What is a Unit?
A unit represents approximately three hours of work per week. Thus a 3 unit course will probably require 9 hours of work per week, a 5 unit course will require 15 hours per week, and so forth. Of course, the actual hours may vary somewhat from class to class and student to student.
More About Units
Though a unit is 3 hours of work per week, it is expected that only one of these hours will be class time. As a general rule of thumb, you should expect to spend two hours studying or working outside of class for every one hour in lecture or discussion. A typical 4-unit course thus will require about 12 hours of work per week: 4 hours of class time and 8 hours of work outside of class.
If you enroll in 15 units of coursework (3-4 courses), this will will require about 45 hours per week, only 15 hours of which may be class time. For comparison's sake, a full-time job is typically 40 hours per week. To graduate in 12 quarters (4 years), you should average about 15 units per quarter to achieve 180 units, although transfer units also count toward completion of these 180 units.

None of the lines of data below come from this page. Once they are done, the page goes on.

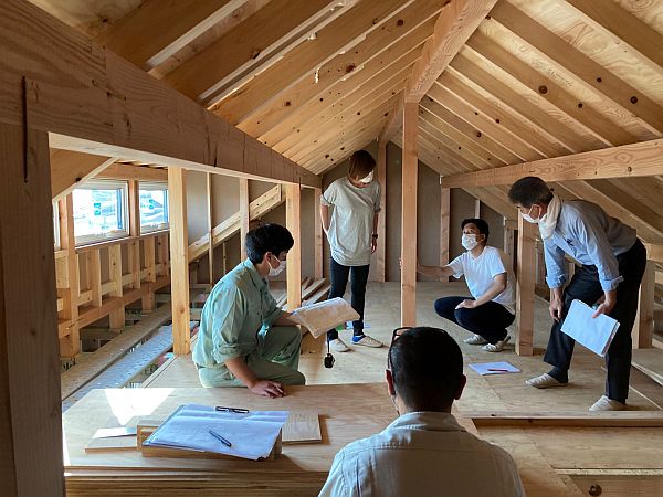 上棟打ち合わせのひとコマパート2。屋根裏の使い勝手について、真剣に話し合うNA様ご夫妻と小野寺工務店のスタッフ。左奥にドーマー部分の窓が見えています。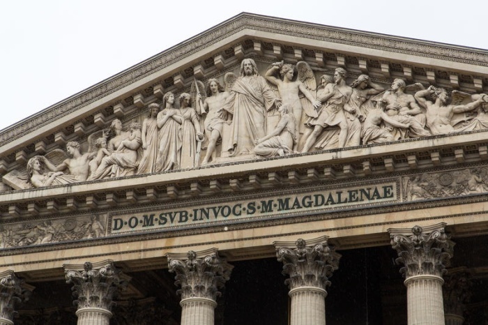Фронтон la Madeleine со скульптурой «Страшный суд» Генри Лемера (1833 г.). | Фото: cosmovisions.com.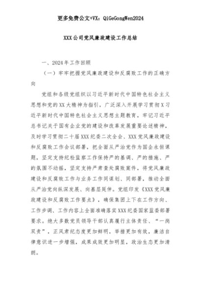 【七哥公文】2025年:XXX公司党风廉政建设工作总结+更多免费公文+VX:QiGeGongWen2024+更多免费公文+VX:QiGeGongWen2024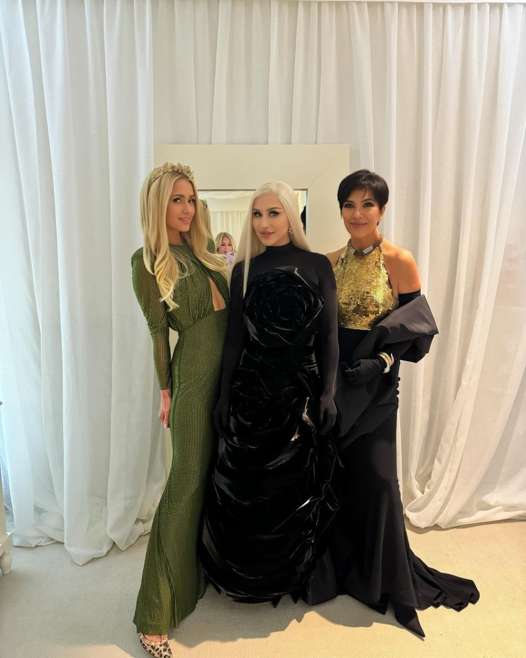 A Kardashian-Jenner testvérek az édesanyjukkal egyetemben estélyiben érkeztek a partira: egy Ariana Grande számra tátogva mutatták meg extravagáns outfitjeiket.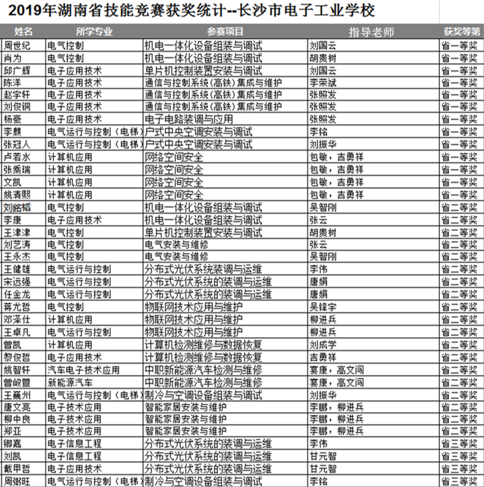 此前,湖南省2019年职业院校技能竞赛第一阶段于2018年12月下旬落下帷幕,7530名在校学生在102个赛项上同台竞技,电子学子尽显“风流”,成绩斐然。截至目前,湖南省2019年职业院校技能竞赛已接近尾声,我校参赛项目也已全部完成,共获得18枚奖牌,其中7枚金牌,9枚银牌,2枚铜牌,奖项数超过往年,创历史最好成绩。入围国赛集训的项目共有9个,分别是:机电一体化设备组装与调试,通信与控制系统集成与维护,分布式光伏系统装调与运维,计算机检测维修与数据恢复,网络空间安全,中职新能源汽车检测与维修,液压与气动系统装调与维护,制冷与空调设备组装与调试,智能家居安装与维护。其中,我校承接了2019年全国职业院校技能大赛中职机电一体化设备组装与调试、中职通信与控制系统集成与维护两个赛项的集训工作。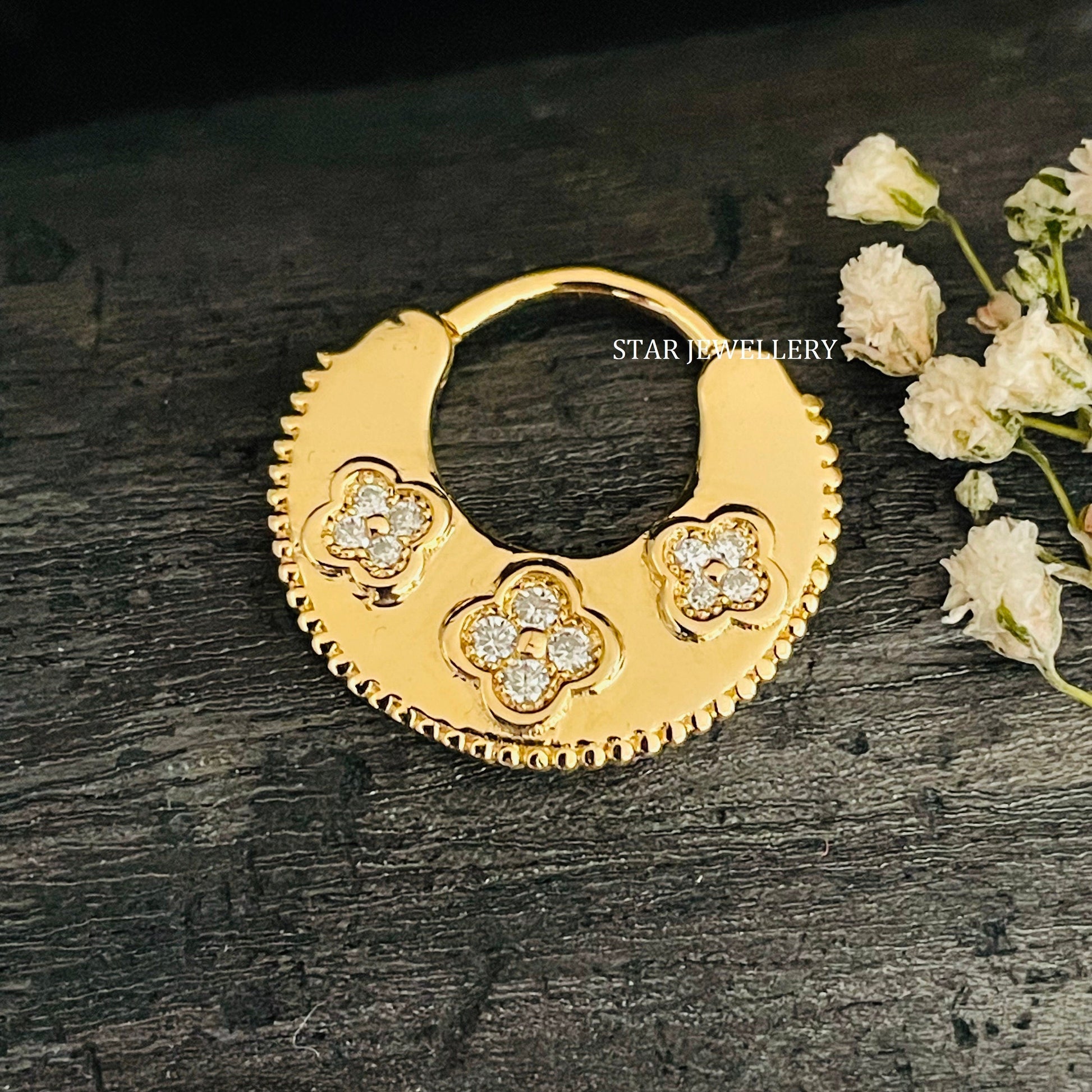 Natural Diamond Solid Gold Septum Clicker Piercing, Solid Gold Four Stone Bridal Septum Piercing, 14K Gold Crescent Septum Earring for Men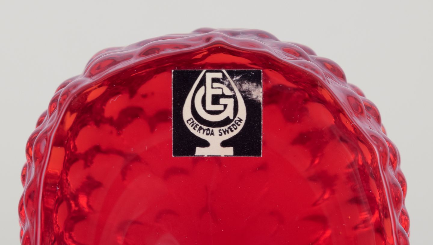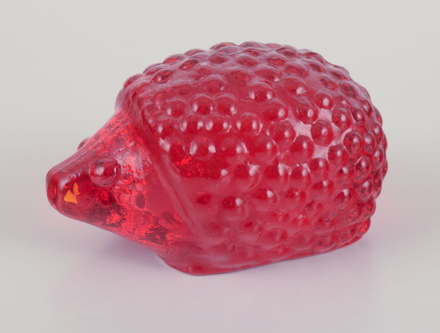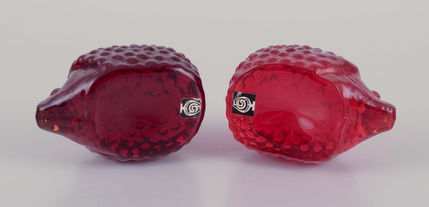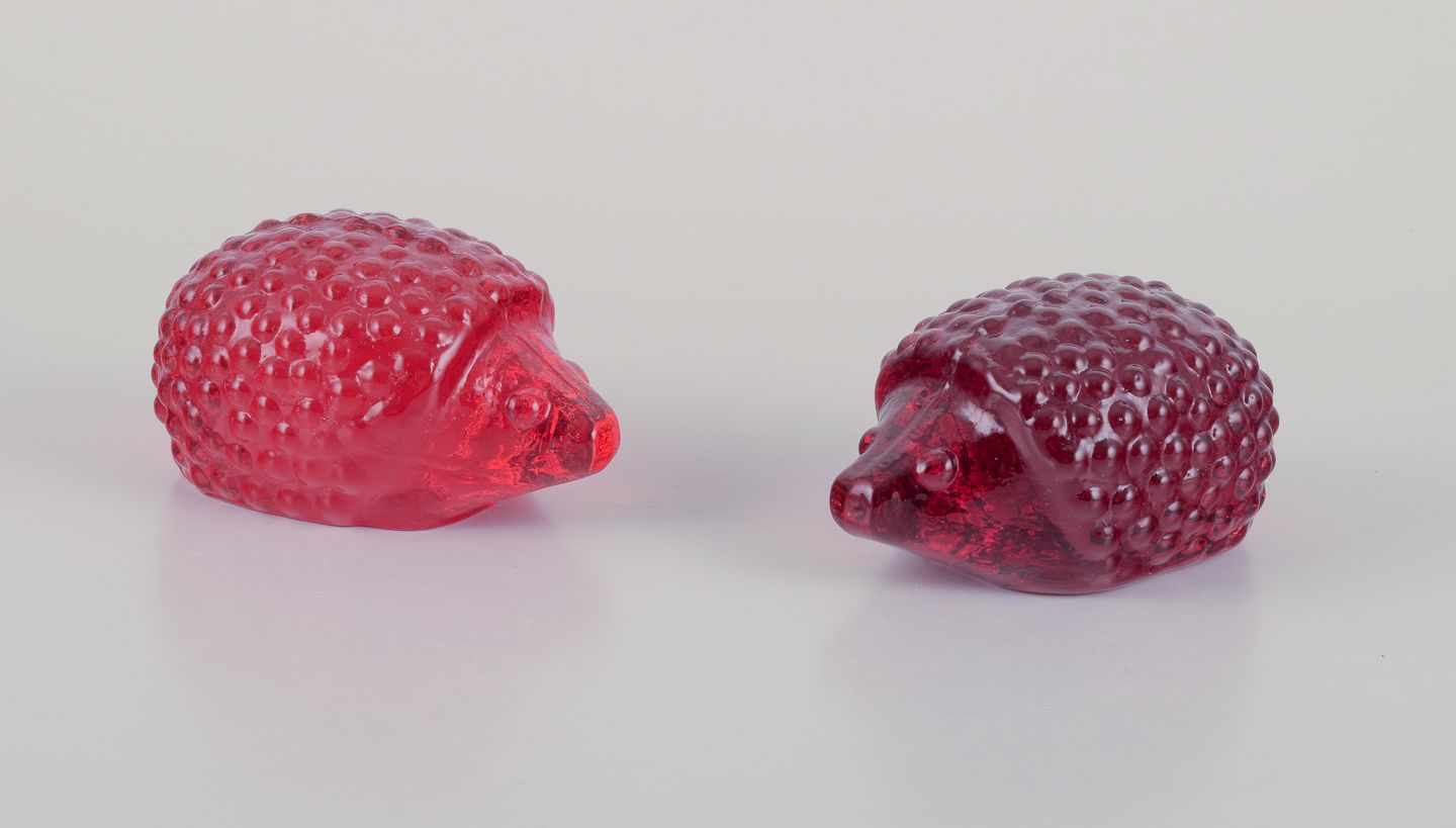 Swedish glass artist, Eneryda, Sweden. Two hedgehogs in two shades of red art glass. From around 1970. With label. In perfect condition. Dimensions: L 10.0 cm x W 6.0 cm x H 5.5 cm.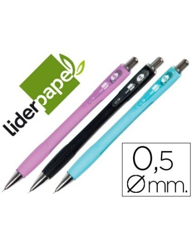 PORTAMINAS LIDERPAPEL SHAKER 0,5 MM CON GOMA SUJECION SOFT Y PUNTA RETRACTIL COLORES SURTIDOS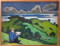 zeichnend auf Gross Zicker, Holztablett 34 x 44 cm Öl auf Holz Privatbesitz Werkfoto: Wolfgang Lücke |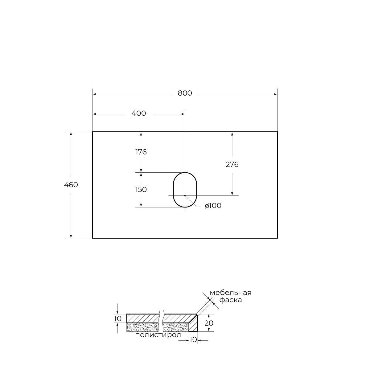 Столешница из керамогранита с расцветкой под мрамор толщиной 20 мм, без отверстия под смеситель. Доступные цвета столешницы: Marmo Crema Opaco (Бежевый матовый мрамор), Marmo Grigio Lucido (Серый глянцевый мрамор), Marmo Nero Opaco (Чёрный матовый мрамор).
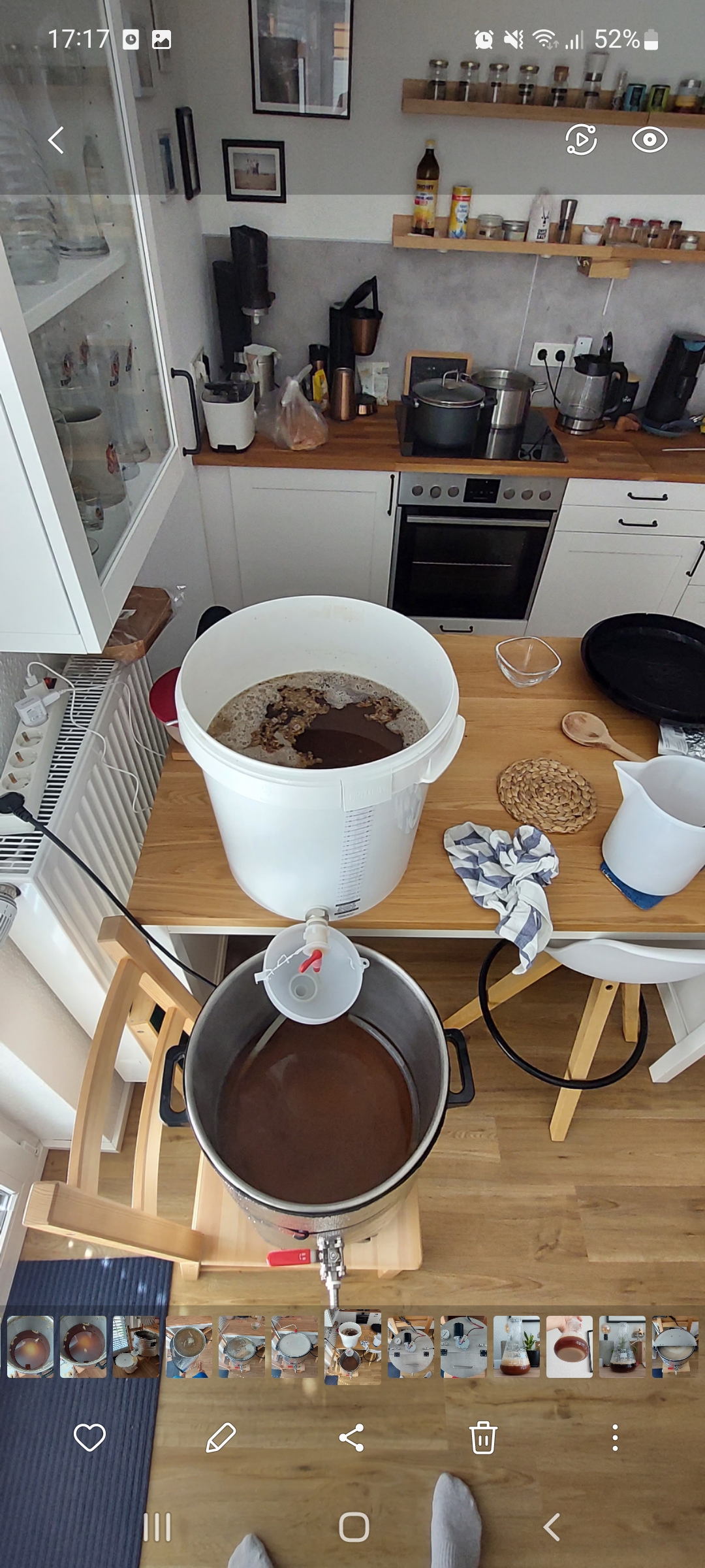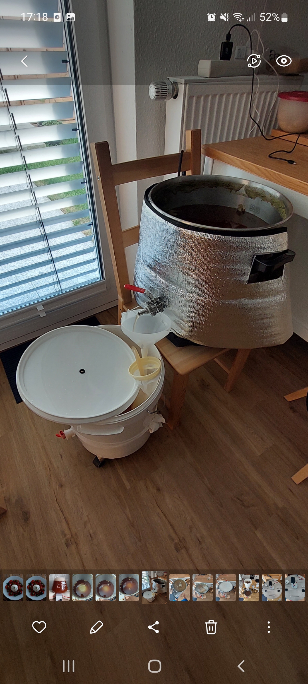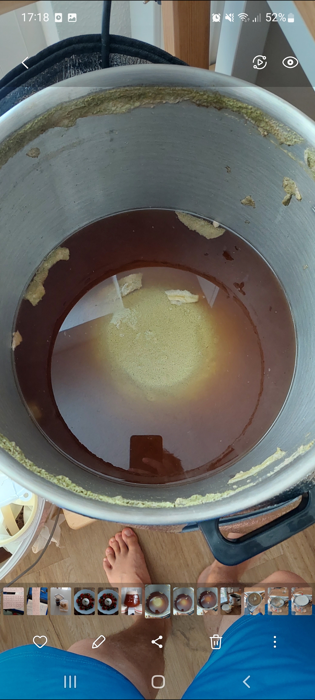Gerne nehme ich Verbesserungsvorschläge an (nicht barfüßig mit heißer Würze hantieren z.B.). Perspektivisch möchte ich mein Setup auch weiter optimieren (Würzekühler, Edelstahlgärkanne,...), aus Platzmangel da Mietwohnung wird das erst in einem hoffentlich irgendwann existierenden Eigenheim realisiert. Da möchte ich dann auch einen kleinen Brauraum realisieren

In your first quarter, we advise students to consider the transition to Stanford itself something like a 3-unit course (so nine hours a week). And this is further complicated should you want to pursue research or extracurricular opportunities. Or if you need to work. We encourage students to think of any activity that they regularly participate in as counting for 1 unit for every three hours. So a 12 unit course load with 6 hours of exercise a week and nine hours of extracurricular organizations is actually the equivalent of 17 units. It all adds up.